*Exercise brief*:
Pictures stay out of the output. Return exactly the lines below from the one with "1899 (Vorläufer) Pöstyén, Piestany;" down to the one with "de cremallera esmaltado.", both included, and nothing more.

*Data to process*:
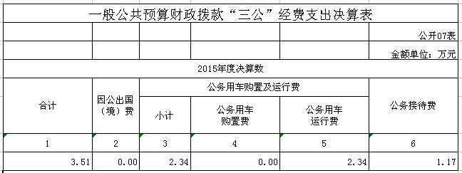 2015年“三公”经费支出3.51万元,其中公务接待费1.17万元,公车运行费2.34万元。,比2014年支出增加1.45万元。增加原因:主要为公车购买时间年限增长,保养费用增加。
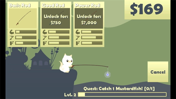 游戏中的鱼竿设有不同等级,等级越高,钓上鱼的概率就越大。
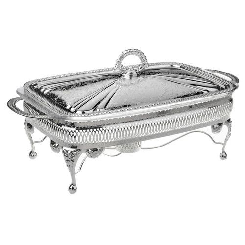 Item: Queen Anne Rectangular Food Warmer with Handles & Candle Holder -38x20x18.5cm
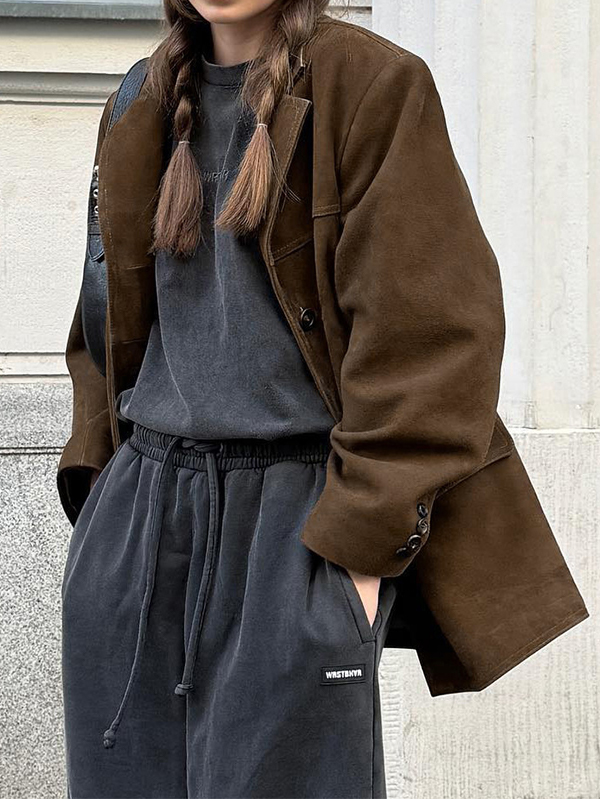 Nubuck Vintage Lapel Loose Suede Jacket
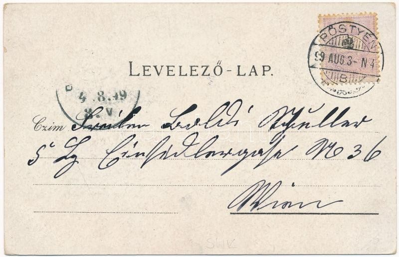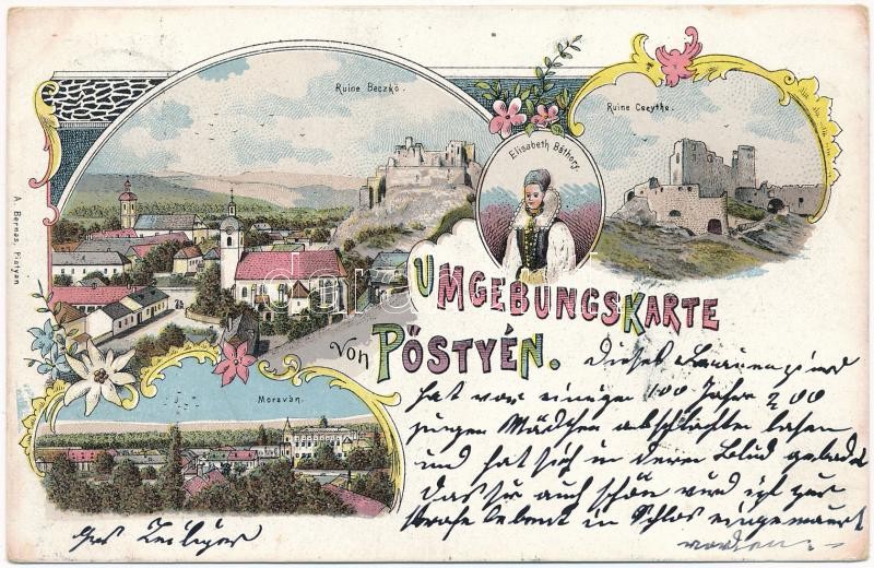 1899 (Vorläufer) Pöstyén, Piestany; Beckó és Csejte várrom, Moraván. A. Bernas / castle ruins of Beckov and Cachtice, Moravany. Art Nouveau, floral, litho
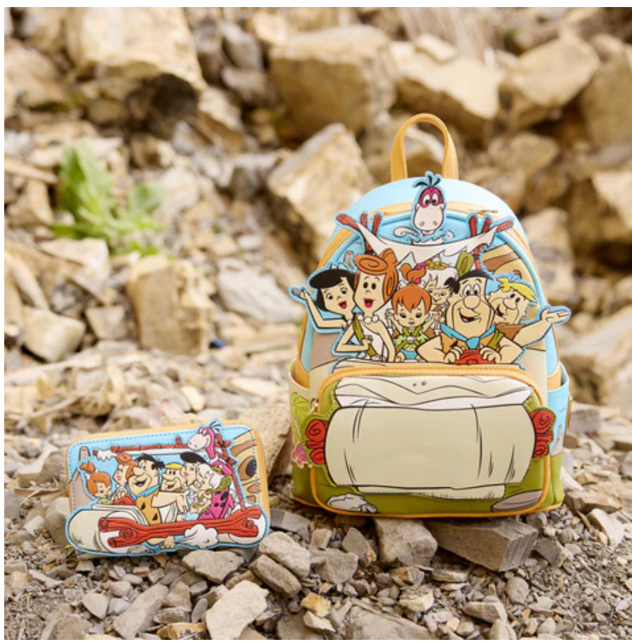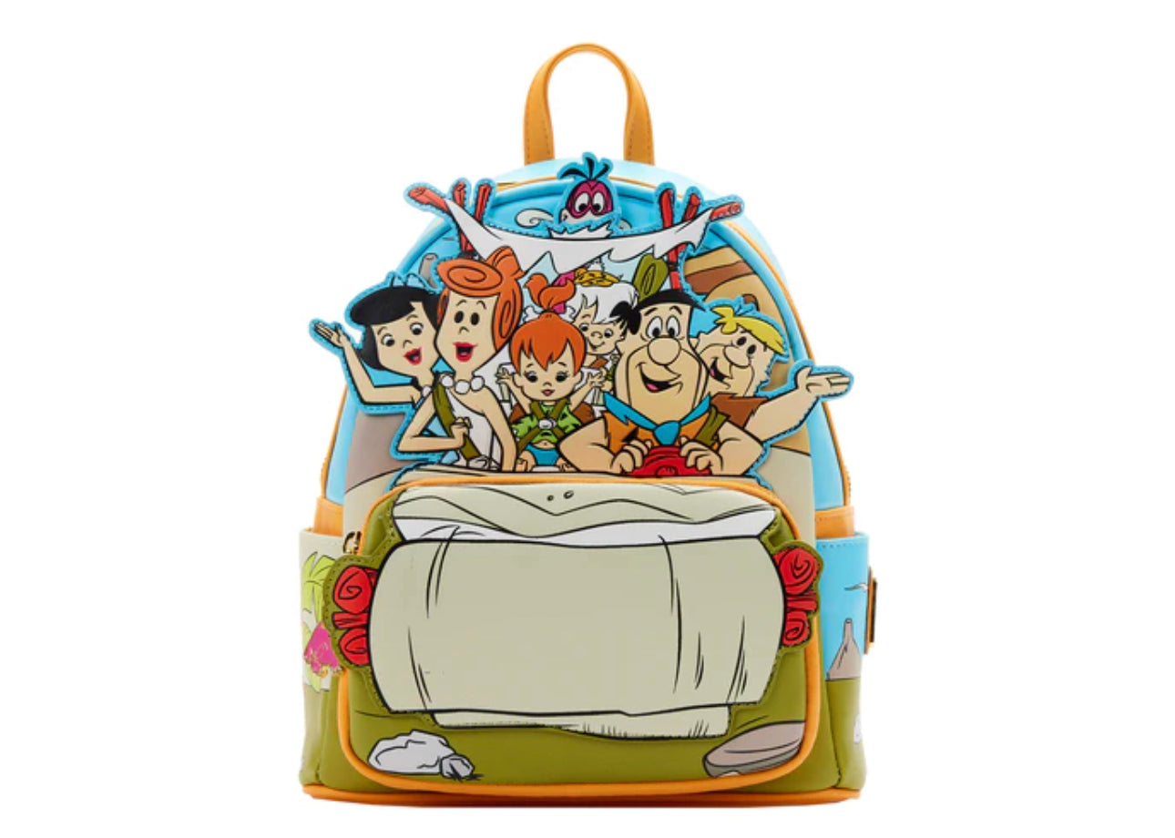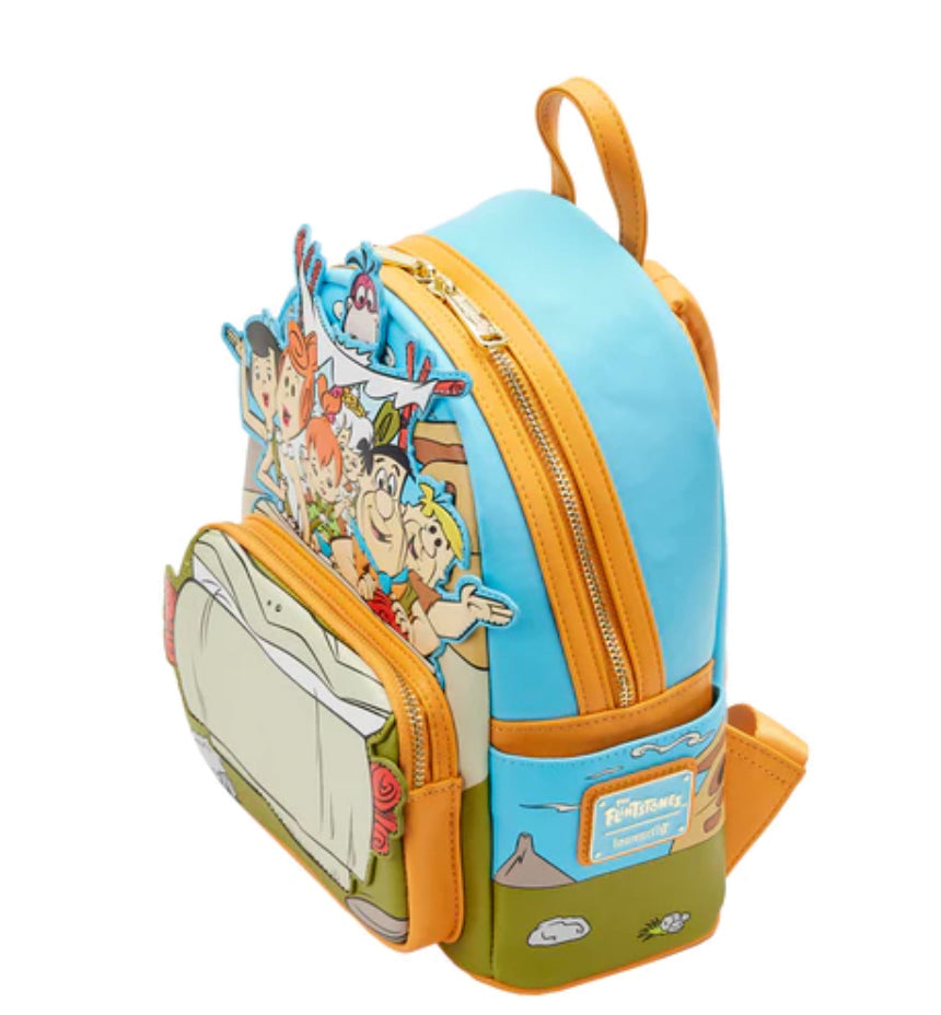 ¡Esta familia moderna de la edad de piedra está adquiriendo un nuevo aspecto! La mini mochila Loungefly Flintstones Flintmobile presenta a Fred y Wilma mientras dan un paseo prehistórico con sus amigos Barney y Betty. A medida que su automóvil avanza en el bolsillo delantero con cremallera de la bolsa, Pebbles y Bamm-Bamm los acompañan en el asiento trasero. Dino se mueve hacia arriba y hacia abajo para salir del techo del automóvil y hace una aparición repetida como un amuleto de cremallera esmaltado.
==
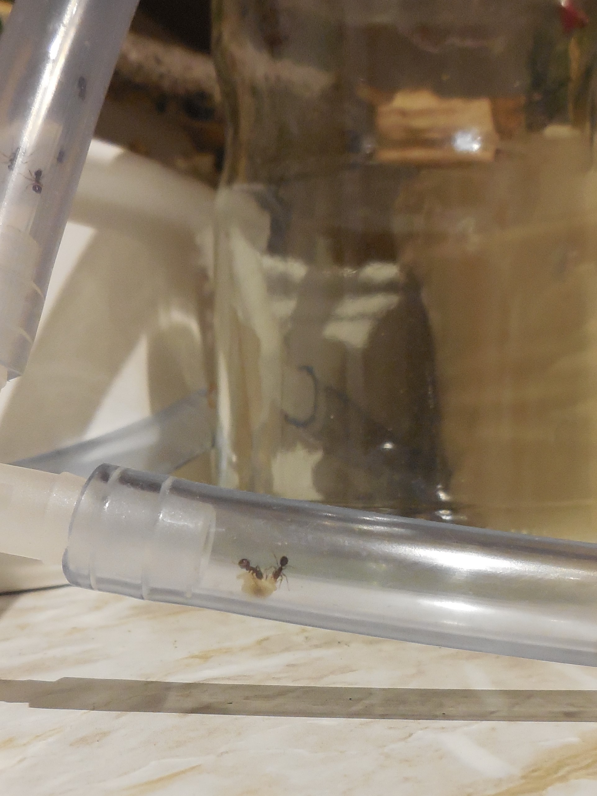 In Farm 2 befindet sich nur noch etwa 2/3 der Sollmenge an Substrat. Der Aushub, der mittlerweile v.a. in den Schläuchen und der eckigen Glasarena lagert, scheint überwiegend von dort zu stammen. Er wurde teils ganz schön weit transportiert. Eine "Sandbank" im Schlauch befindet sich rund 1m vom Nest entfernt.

*Solution to the exercise*:
 1899 (Vorläufer) Pöstyén, Piestany; Beckó és Csejte várrom, Moraván. A. Bernas / castle ruins of Beckov and Cachtice, Moravany. Art Nouveau, floral, litho
 ¡Esta familia moderna de la edad de piedra está adquiriendo un nuevo aspecto! La mini mochila Loungefly Flintstones Flintmobile presenta a Fred y Wilma mientras dan un paseo prehistórico con sus amigos Barney y Betty. A medida que su automóvil avanza en el bolsillo delantero con cremallera de la bolsa, Pebbles y Bamm-Bamm los acompañan en el asiento trasero. Dino se mueve hacia arriba y hacia abajo para salir del techo del automóvil y hace una aparición repetida como un amuleto de cremallera esmaltado.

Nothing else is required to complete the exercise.